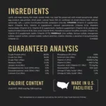 | Guaranteed Analysis | Crude Protein (Min) 26.0% Crude Fat (Min) 16.0% Crude Fiber (Max) 4.0% Moisture (Max) 12.0% Linoleic Acid (Min) 1.3% EPA (Min) 0.1% DHA (Min) 0.1% Calcium (Min) 1.0% Phosphorus (Min) 0.8% Selenium (Min) 0.35 mg/kg Vitamin A (Min) 15,000 IU/kg Vitamin E (Min) 460 IU/kg Vitamin C (Min) 70 mg/kg* Glucosamine (Min) 400 ppm* Omega-3 Fatty Acids (Min) 0.7%* Omega-6 Fatty Acids (Min) 1.5%* *Not recognized as an essential nutrient by the AAFCO Dog Food Nutrient Profiles. |
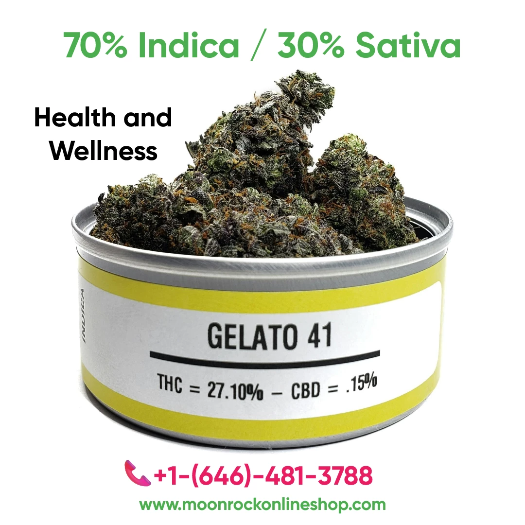 Buy Gelato #41 strain online today from the best weed delivery California Moonrock Online Shop. Firstly, this is one of California’s most popular hybrid flowers. In addition, each batch undergoes a lab Test process. Gelato 41 UK is rich in flavor and backed by a 100% money-back guarantee. We ship discreetly and worldwide. Order Gelato #41 online from Moonrock’s online shop for a cheap price and get 10% off. “According to strain data from Leafly, Gelato #41 is celebrated for its creamy flavor and balanced hybrid effects.”
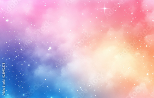 © MT Gallery, Obraz premium Soft rainbow gradient with dreamy blurred effect, featuring pastel colors and sparkling stars, creating whimsical and serene atmosphere
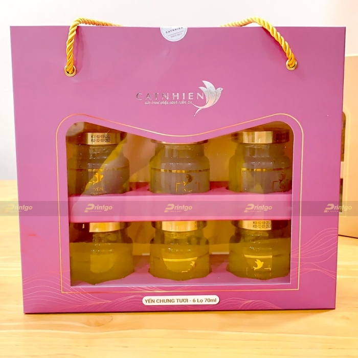 Hiện nay bao bì không chỉ là vật để chứa đựng sản phẩm mà trở thành công cụ truyền thông mang lại hiệu quả cao. Bởi nó chiếm tới 40% quyết định mua hàng nên được các thương hiệu quan tâm, đặc biệt là các sản phẩm kinh doanh có giá trị như yến sào. Mang tới cho khách hàng nhiều sự lựa chọn, Printgo xin giới thiệu mẫu hộp đựng 10 hũ yến chưng Cát Nhiên PG-HYS-62 với thiết kế đơn giản nhưng tạo ấn tượng và thu hút khách hàng rất tốt.
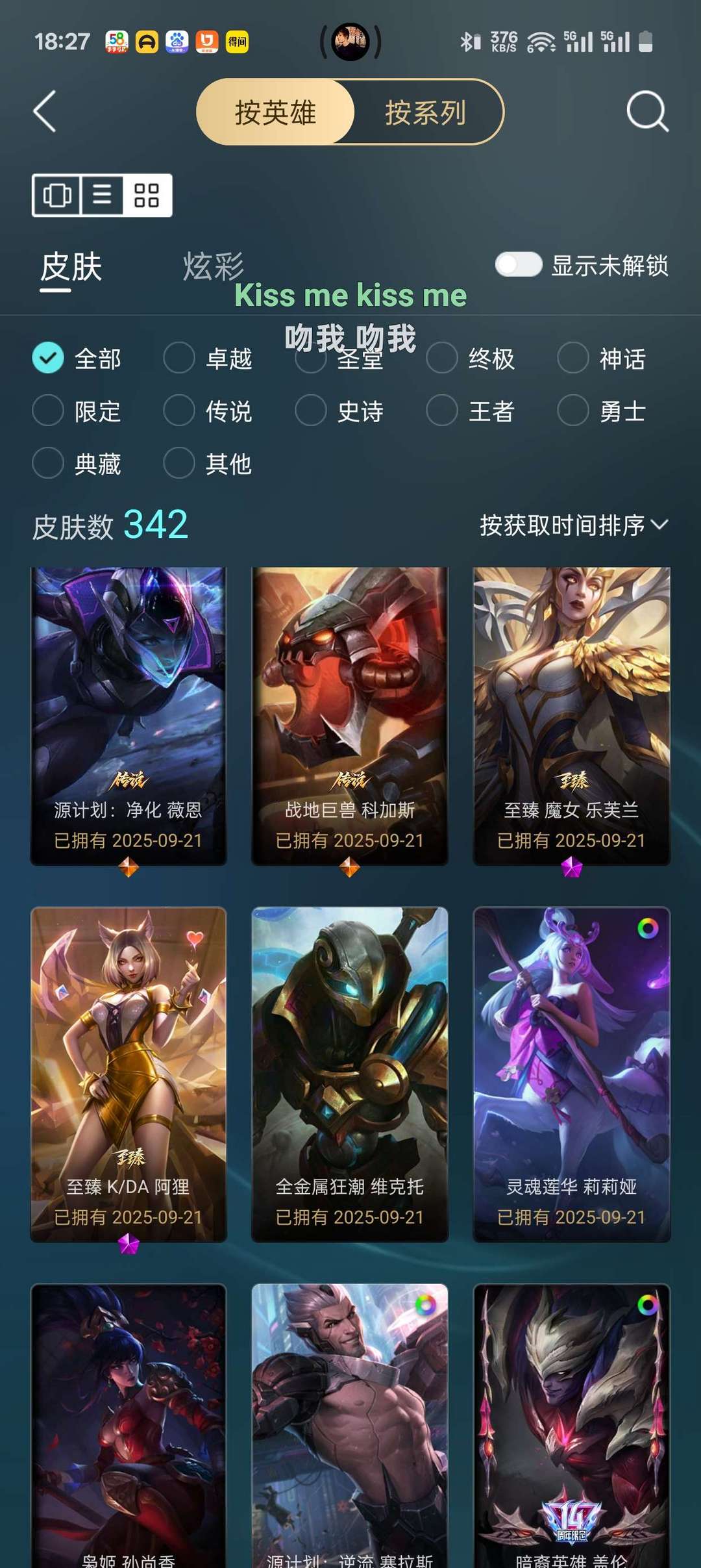 |全英雄|752皮|46神话|120限定|摄魂薇恩|大元素拉克丝|暗星科加斯|海克斯皇子|
════════════════════
- TASK DETAILS -
Give back all the data exactly, minus pictures.

- EXPECTED OUTPUT -
 | Guaranteed Analysis | Crude Protein (Min) 26.0% Crude Fat (Min) 16.0% Crude Fiber (Max) 4.0% Moisture (Max) 12.0% Linoleic Acid (Min) 1.3% EPA (Min) 0.1% DHA (Min) 0.1% Calcium (Min) 1.0% Phosphorus (Min) 0.8% Selenium (Min) 0.35 mg/kg Vitamin A (Min) 15,000 IU/kg Vitamin E (Min) 460 IU/kg Vitamin C (Min) 70 mg/kg* Glucosamine (Min) 400 ppm* Omega-3 Fatty Acids (Min) 0.7%* Omega-6 Fatty Acids (Min) 1.5%* *Not recognized as an essential nutrient by the AAFCO Dog Food Nutrient Profiles. |
 Buy Gelato #41 strain online today from the best weed delivery California Moonrock Online Shop. Firstly, this is one of California’s most popular hybrid flowers. In addition, each batch undergoes a lab Test process. Gelato 41 UK is rich in flavor and backed by a 100% money-back guarantee. We ship discreetly and worldwide. Order Gelato #41 online from Moonrock’s online shop for a cheap price and get 10% off. “According to strain data from Leafly, Gelato #41 is celebrated for its creamy flavor and balanced hybrid effects.”
 © MT Gallery, Obraz premium Soft rainbow gradient with dreamy blurred effect, featuring pastel colors and sparkling stars, creating whimsical and serene atmosphere
 Hiện nay bao bì không chỉ là vật để chứa đựng sản phẩm mà trở thành công cụ truyền thông mang lại hiệu quả cao. Bởi nó chiếm tới 40% quyết định mua hàng nên được các thương hiệu quan tâm, đặc biệt là các sản phẩm kinh doanh có giá trị như yến sào. Mang tới cho khách hàng nhiều sự lựa chọn, Printgo xin giới thiệu mẫu hộp đựng 10 hũ yến chưng Cát Nhiên PG-HYS-62 với thiết kế đơn giản nhưng tạo ấn tượng và thu hút khách hàng rất tốt.
 |全英雄|752皮|46神话|120限定|摄魂薇恩|大元素拉克丝|暗星科加斯|海克斯皇子|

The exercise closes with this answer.